Wi-Fi Nights: Links to a topic that has been dead since 2007 and isn't the official topic for the present one.
Xzibit:





Exhibit C:




Wiki Tutorial: 500 Internal Server Error
Glossary: Would be nice to see it updated.
Official List of flash card Dealers: Needs the addition of a few things like that recent shop that "GBAtemp Dissaproves"
Official Guide to FlashMe: Flashme is no longer needed (I'm pretty sure anyway)
Guide to DS Emulation Terms: To quote the topic: "THIS GUIDE IS NO LONGER UP TO DATE."
GBAtemp Review Portal:

This is something that really needs to be updated. The outed and out of service cards should be grouped as such. I bought a Ultra Flashpass because of GBAtemp's review for $60. That was in 2008, and it was still outdated then. 


There's probably some other dated stuff that's been bothering me, but this is all I can recall for now.


----------



## Hadrian (Mar 5, 2010)

Guildy Pops does it now.  Maybe a link to his "stuff" blog will be better.
http://gbatemp.net/index.php?showtopic=200097


----------



## tj_cool (Mar 5, 2010)

Sonicslasher said:
			
		

> Glossary: Would be nice to see it updated.
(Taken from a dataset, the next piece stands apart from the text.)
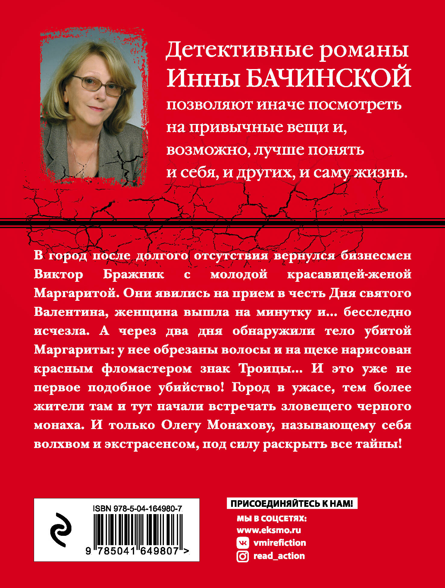 В город после долгого отсутствия вернулся бизнесмен Виктор Бражник с молодой красавицей-женой Маргаритой. Они явились на прием в честь Дня святого Валентина, женщина вышла на минутку и… бесследно исчезла. А через два дня обнаружили тело убитой Маргариты: у нее обрезаны волосы и на щеке нарисован красным фломастером знак Троицы… И это уже не первое подобное убийство! Город в ужасе, тем более, жители там и тут начали встречать зловещего черного монаха. И только Олегу Монахову, называющему себя волхвом и экстрасенсом, под силу раскрыть все тайны! Инна Бачинская - современная российская писательница, автор более 40 остросюжетных романов, хорошо известных любителям качественного детектива. Ее книги - словно диалог с писателем, умным, точно чувствующим и ироничным.| Издательство | Эксмо |

There is an updated version in the Wiki
Same thing for basically the whole FAQs and Guides section


----------



## Sonicslasher (Mar 5, 2010)

tj_cool said:
			
		

> Sonicslasher said:
> 
> 
> 
> ...


So it's just a matter of mods copying from the wiki and pasting it into those sections?


----------



## Overlord Nadrian (Mar 5, 2010)

Sonicslasher said:
			
		

> tj_cool said:
> 
> 
> 
> ...


Et vice versa, yes.


----------



## dice (Mar 6, 2010)

Half those links should probably be removed (especially when they're not going to be updated on a regular basis).


----------



## The Catboy (Mar 6, 2010)

Xzibit:




Epic win!


----------



## saxamo (Mar 6, 2010)

Thank you josh for bringing this to everyone's attention.


----------



## DeMoN (Mar 6, 2010)

Yes, but the question is: will these ever be fixed or updated?


----------



## Costello (Mar 6, 2010)

wow thanks Sonicslasher, post of the month 
	

	
	
		
		

		
		
	


	



we'll try to get all that stuff sorted out !


----------



## zeromac (Mar 6, 2010)

Off-topic but Congrats on getting promoted to podcast crew Josh


----------



## B-Blue (Mar 6, 2010)

Wow thank you, Sonicslasher, post of the month 
	

	
	
		
		

		
		
	


	



Hopefully the mods will try to get all that stuff sorted out!


----------



## Bridgy84 (Mar 6, 2010)

Hmm i have been here a long time maybe i need to be updated!!  Though i wont lie i would not mind seeing some updates.  Though i hesitate to complain as i would be no help at all in getting it done.


----------



## dice (Mar 6, 2010)

You're helping if you share any suggestions that you feel can improve the site


----------



## jesterscourt (Mar 6, 2010)

Well stated.


----------



## DeMoN (Mar 6, 2010)

Well if this topic can be used to point out forum bugs, then this is something that's been bothering me for over a year and has never been fixed:
http://gbatemp.net/index.php?showtopic=128793


----------



## dice (Mar 7, 2010)

DeMoN said:
			
		

> Well if this topic can be used to point out forum bugs, then this is something that's been bothering me for over a year and has never been fixed:
> http://gbatemp.net/index.php?showtopic=128793



Don't you think responding to those replies would have resulted in a potential solution being identified (sooner)?


----------



## DeMoN (Mar 10, 2010)

I was afraid I would get yelled at for being impatient, and now I'm afraid I'll get yelled at for necroposting.    
	

	
	
		
		

		
		
	


	




Anyways, I'll try to help identify the problem.
This is the link to the supposed dual blue pips using the Lite/Classic skins.  It just shows up as "Group Icon" without the quotes.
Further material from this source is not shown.